Supplied entries:
────────
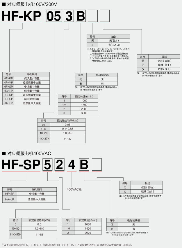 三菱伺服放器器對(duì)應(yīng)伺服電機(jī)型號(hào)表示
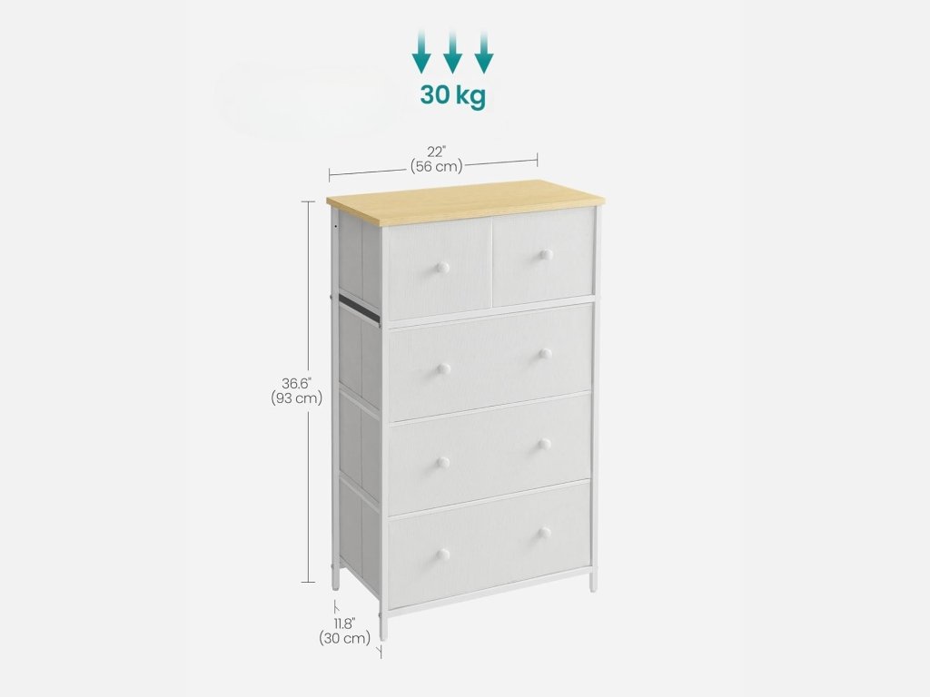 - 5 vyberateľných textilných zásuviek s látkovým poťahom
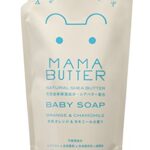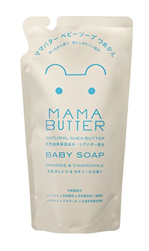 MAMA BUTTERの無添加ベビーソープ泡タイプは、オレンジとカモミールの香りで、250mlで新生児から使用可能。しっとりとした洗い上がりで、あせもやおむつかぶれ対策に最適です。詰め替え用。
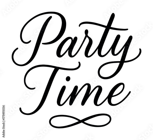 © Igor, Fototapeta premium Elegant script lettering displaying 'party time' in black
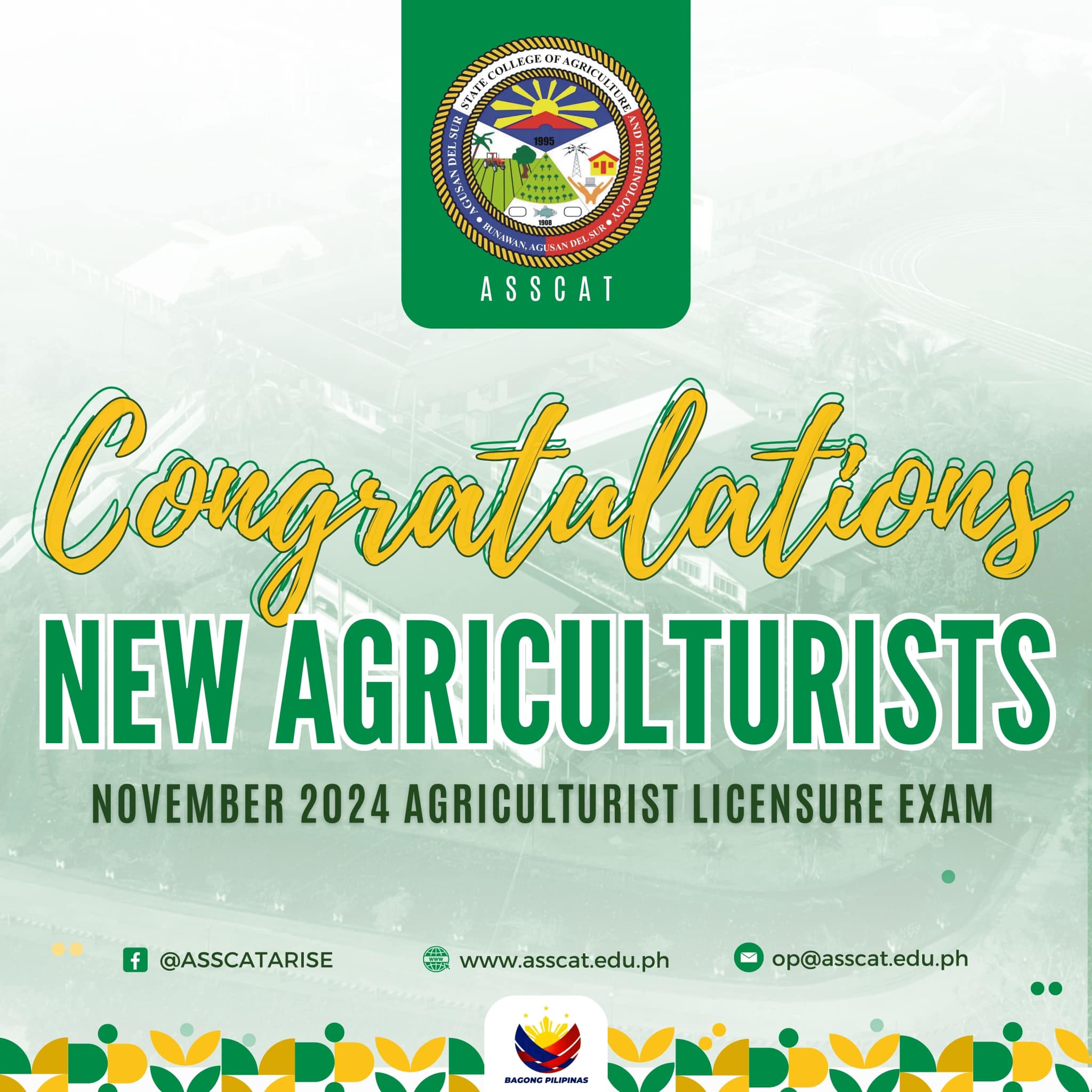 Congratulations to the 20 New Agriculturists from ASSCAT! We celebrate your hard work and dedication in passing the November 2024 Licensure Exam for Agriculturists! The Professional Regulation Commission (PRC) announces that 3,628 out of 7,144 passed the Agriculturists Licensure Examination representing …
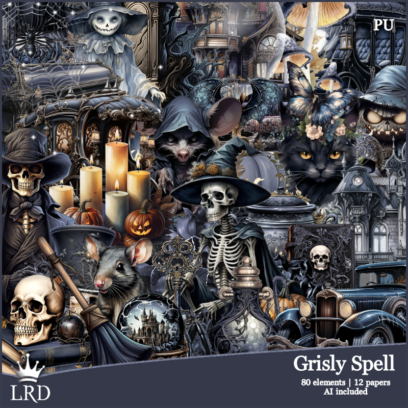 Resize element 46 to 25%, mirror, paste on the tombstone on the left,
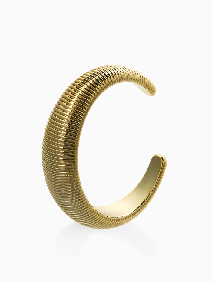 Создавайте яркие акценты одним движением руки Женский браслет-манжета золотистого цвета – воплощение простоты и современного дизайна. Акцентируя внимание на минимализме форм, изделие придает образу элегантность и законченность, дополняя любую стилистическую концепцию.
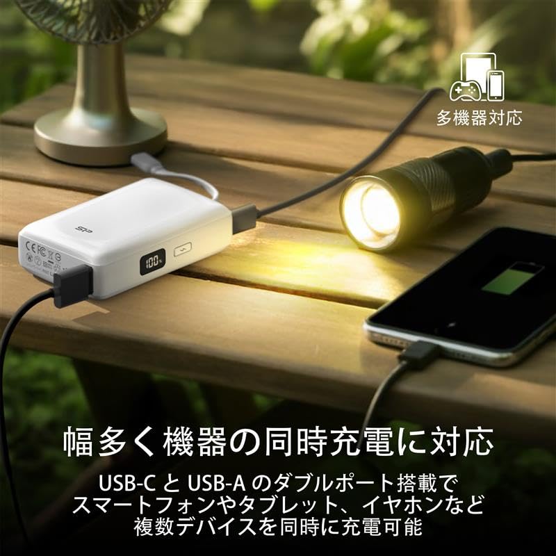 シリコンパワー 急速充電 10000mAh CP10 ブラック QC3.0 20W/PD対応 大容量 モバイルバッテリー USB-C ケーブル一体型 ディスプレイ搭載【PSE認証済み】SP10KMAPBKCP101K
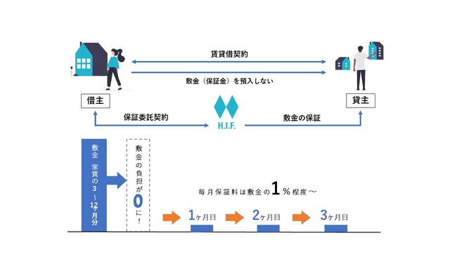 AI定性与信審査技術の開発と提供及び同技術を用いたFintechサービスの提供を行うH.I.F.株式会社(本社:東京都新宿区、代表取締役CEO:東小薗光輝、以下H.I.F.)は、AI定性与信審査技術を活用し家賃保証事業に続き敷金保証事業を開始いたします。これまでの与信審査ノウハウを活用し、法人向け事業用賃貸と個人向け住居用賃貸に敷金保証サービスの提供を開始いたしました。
────────
Task brief: In the answer, include exactly the lines from the top of the entries through the line containing "Resize element 46", and nothing else, not even the pictures.

Output for this exercise:
 三菱伺服放器器對(duì)應(yīng)伺服電機(jī)型號(hào)表示
 - 5 vyberateľných textilných zásuviek s látkovým poťahom
 MAMA BUTTERの無添加ベビーソープ泡タイプは、オレンジとカモミールの香りで、250mlで新生児から使用可能。しっとりとした洗い上がりで、あせもやおむつかぶれ対策に最適です。詰め替え用。
 © Igor, Fototapeta premium Elegant script lettering displaying 'party time' in black
 Congratulations to the 20 New Agriculturists from ASSCAT! We celebrate your hard work and dedication in passing the November 2024 Licensure Exam for Agriculturists! The Professional Regulation Commission (PRC) announces that 3,628 out of 7,144 passed the Agriculturists Licensure Examination representing …
 Resize element 46 to 25%, mirror, paste on the tombstone on the left,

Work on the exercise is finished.